### PROBLEM TO WORK ON
Repeat the entire listing exactly. Omit all pictures.

### COLLECTED MATERIAL
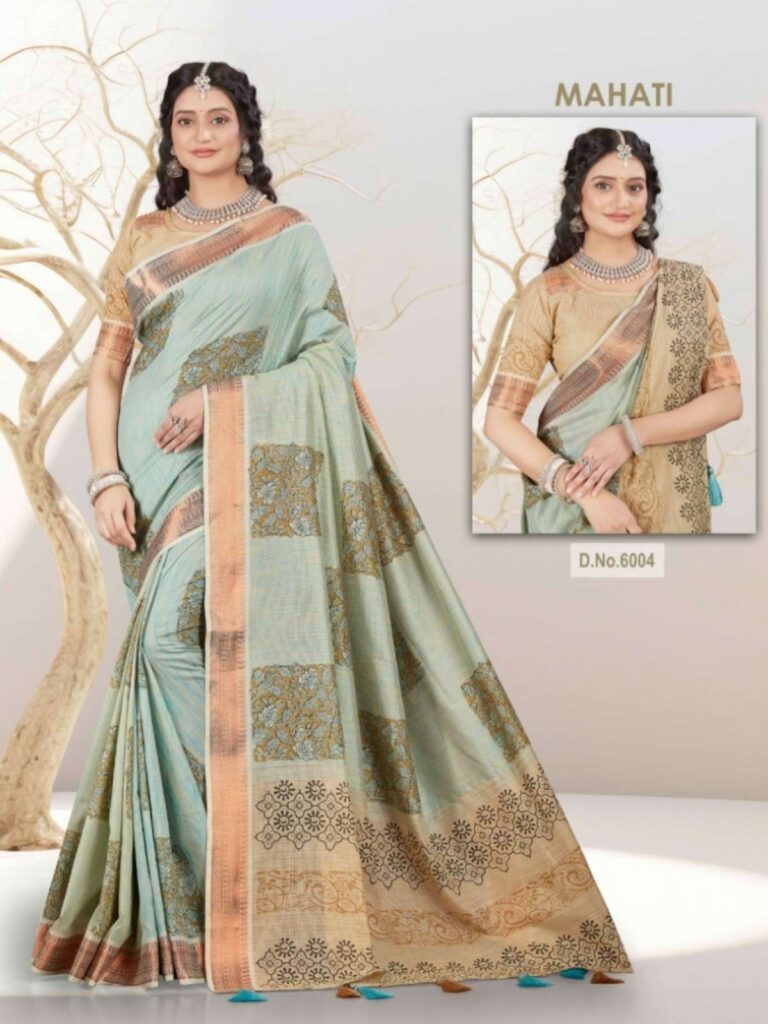 KHADI SILK COTTON SAREE – HAND BLOCK PRINTED – 6004
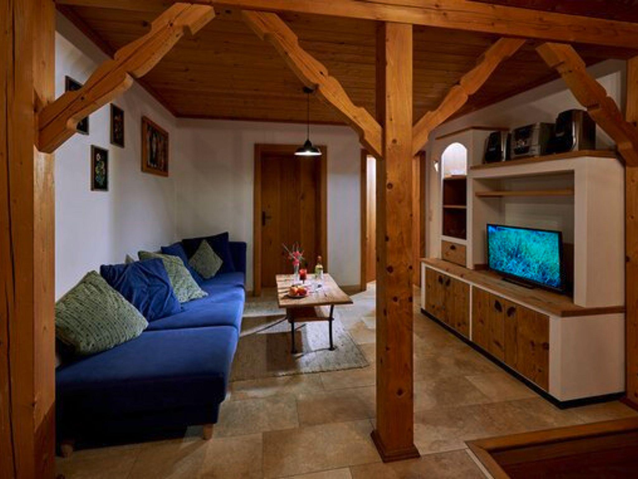 Die liebevoll ausgestattete 4-Sterne-Ferienwohnung Sonnenseite im 1. Obergeschoss verfügt über zwei Schlafzimmer. Die Nichtraucherwohnung ist ganz bequem über einen separaten Eingang zu erreichen. In der urigen Stube zieht der absolut kindersichere Kaminofen alle Blicke auf sich und sorgt in der kalten Jahreszeit für wohlige Wärme. Die Echtholzdecke, die handgeschmiedeten Beschläge, die Wanduhr aus Apfelbaumholz und das 100 Jahre alte Leinen vermitteln echtes Wohlfühlambiente und stehen in spannendem Kontrast zu den modernen Küchengeräten. Der große sonnige Balkon mit Balkonmöbeln und herrlicher Aussicht ins Grüne lädt dazu ein, das Familienfrühstück ins Freie zu verlagern.
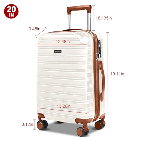 Hard Case Luggage 2 Piece Sets Carry On Luggage Lightweight With Spinner Wheels Rolling Suitcase 22x14x9 Airline Approved PC+ABS TSA Lock Hardshell Travel Carry On Hardside 14/20 Inch 2PCS,Beige 4
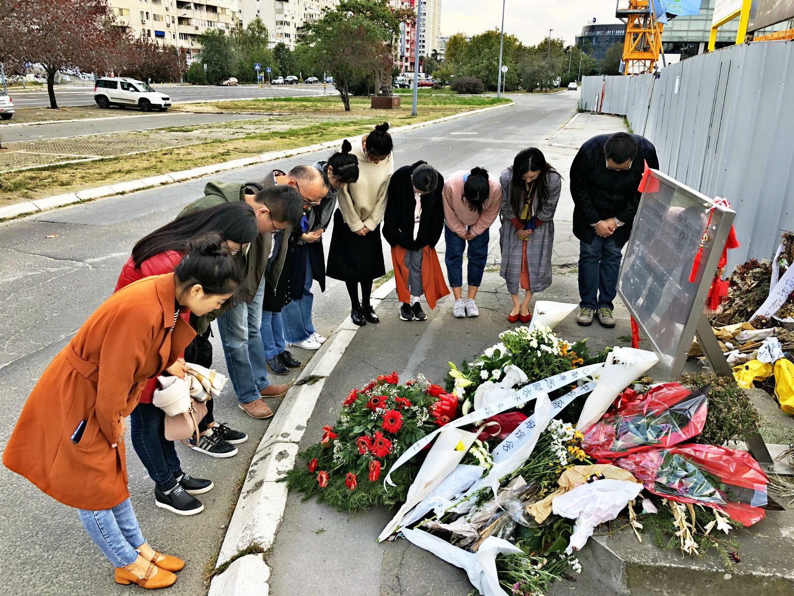 當地時間9月30日,在國內舉國同慶祖國69華誕之際,塞爾維亞諾維薩德大學孔子學院全體教師前往首都貝爾格萊德櫻花路3號,憑吊邵云環、許杏虎和朱穎3位烈士。

### TASK ANSWER
 KHADI SILK COTTON SAREE – HAND BLOCK PRINTED – 6004
 Die liebevoll ausgestattete 4-Sterne-Ferienwohnung Sonnenseite im 1. Obergeschoss verfügt über zwei Schlafzimmer. Die Nichtraucherwohnung ist ganz bequem über einen separaten Eingang zu erreichen. In der urigen Stube zieht der absolut kindersichere Kaminofen alle Blicke auf sich und sorgt in der kalten Jahreszeit für wohlige Wärme. Die Echtholzdecke, die handgeschmiedeten Beschläge, die Wanduhr aus Apfelbaumholz und das 100 Jahre alte Leinen vermitteln echtes Wohlfühlambiente und stehen in spannendem Kontrast zu den modernen Küchengeräten. Der große sonnige Balkon mit Balkonmöbeln und herrlicher Aussicht ins Grüne lädt dazu ein, das Familienfrühstück ins Freie zu verlagern.
 Hard Case Luggage 2 Piece Sets Carry On Luggage Lightweight With Spinner Wheels Rolling Suitcase 22x14x9 Airline Approved PC+ABS TSA Lock Hardshell Travel Carry On Hardside 14/20 Inch 2PCS,Beige 4
 當地時間9月30日,在國內舉國同慶祖國69華誕之際,塞爾維亞諾維薩德大學孔子學院全體教師前往首都貝爾格萊德櫻花路3號,憑吊邵云環、許杏虎和朱穎3位烈士。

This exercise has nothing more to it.